◆ **Exercise goal**: Using the records below, transcribe exactly only the lines from the one with "ちいかわが頑張って草むしりを" through the end, both included, and drop every picture.

-- Data records follows --

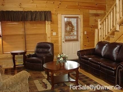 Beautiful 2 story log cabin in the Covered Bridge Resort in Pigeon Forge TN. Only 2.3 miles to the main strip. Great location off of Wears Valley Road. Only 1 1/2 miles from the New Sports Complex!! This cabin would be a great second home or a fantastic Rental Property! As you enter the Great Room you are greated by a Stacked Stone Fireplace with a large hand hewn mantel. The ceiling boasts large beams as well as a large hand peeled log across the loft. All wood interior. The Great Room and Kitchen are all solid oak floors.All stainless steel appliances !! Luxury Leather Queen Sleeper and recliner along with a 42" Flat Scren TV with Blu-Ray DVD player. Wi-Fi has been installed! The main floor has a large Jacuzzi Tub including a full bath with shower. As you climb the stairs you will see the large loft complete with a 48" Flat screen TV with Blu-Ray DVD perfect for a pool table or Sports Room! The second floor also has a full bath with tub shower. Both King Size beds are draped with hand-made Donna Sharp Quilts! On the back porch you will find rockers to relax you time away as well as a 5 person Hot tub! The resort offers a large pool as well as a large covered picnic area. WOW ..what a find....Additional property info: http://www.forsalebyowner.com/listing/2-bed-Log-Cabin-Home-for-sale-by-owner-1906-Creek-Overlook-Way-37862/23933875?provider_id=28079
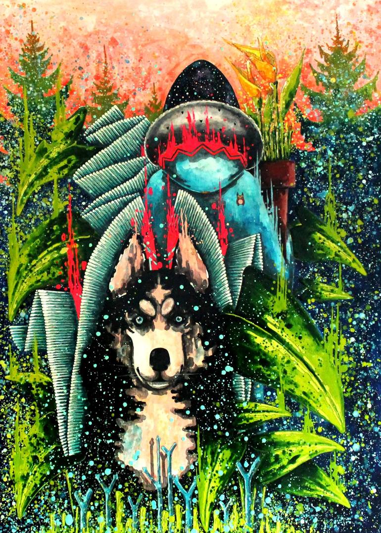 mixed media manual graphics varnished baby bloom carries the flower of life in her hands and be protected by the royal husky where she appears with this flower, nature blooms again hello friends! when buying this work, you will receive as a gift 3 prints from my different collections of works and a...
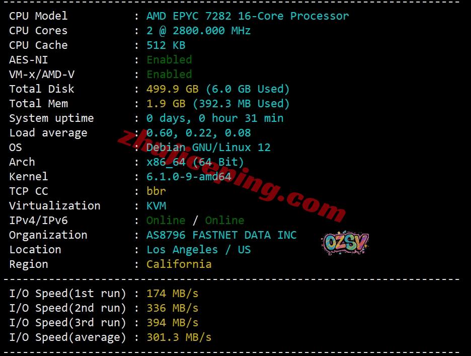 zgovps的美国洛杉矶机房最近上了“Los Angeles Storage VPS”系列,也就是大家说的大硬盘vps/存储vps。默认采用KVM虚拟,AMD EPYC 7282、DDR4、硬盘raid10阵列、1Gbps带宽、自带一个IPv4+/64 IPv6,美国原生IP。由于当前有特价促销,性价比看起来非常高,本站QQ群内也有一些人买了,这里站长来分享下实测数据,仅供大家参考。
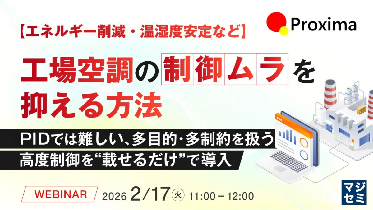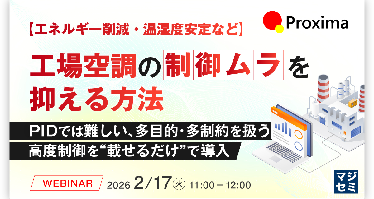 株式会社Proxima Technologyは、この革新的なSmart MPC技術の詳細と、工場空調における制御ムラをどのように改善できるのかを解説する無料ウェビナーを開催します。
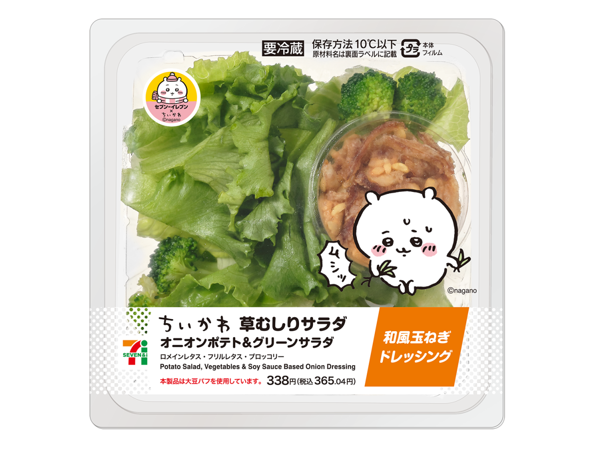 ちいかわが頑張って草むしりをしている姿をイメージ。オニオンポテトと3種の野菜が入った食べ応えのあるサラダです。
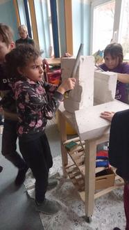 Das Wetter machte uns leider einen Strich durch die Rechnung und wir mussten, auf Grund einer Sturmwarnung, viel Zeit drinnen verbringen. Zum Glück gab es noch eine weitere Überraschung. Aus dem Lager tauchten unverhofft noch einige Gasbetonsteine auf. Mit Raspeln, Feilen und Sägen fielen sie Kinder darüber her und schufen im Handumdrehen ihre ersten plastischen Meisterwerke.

-- Data records concluded --

◆ **Answer to this task**:
 ちいかわが頑張って草むしりをしている姿をイメージ。オニオンポテトと3種の野菜が入った食べ応えのあるサラダです。
 Das Wetter machte uns leider einen Strich durch die Rechnung und wir mussten, auf Grund einer Sturmwarnung, viel Zeit drinnen verbringen. Zum Glück gab es noch eine weitere Überraschung. Aus dem Lager tauchten unverhofft noch einige Gasbetonsteine auf. Mit Raspeln, Feilen und Sägen fielen sie Kinder darüber her und schufen im Handumdrehen ihre ersten plastischen Meisterwerke.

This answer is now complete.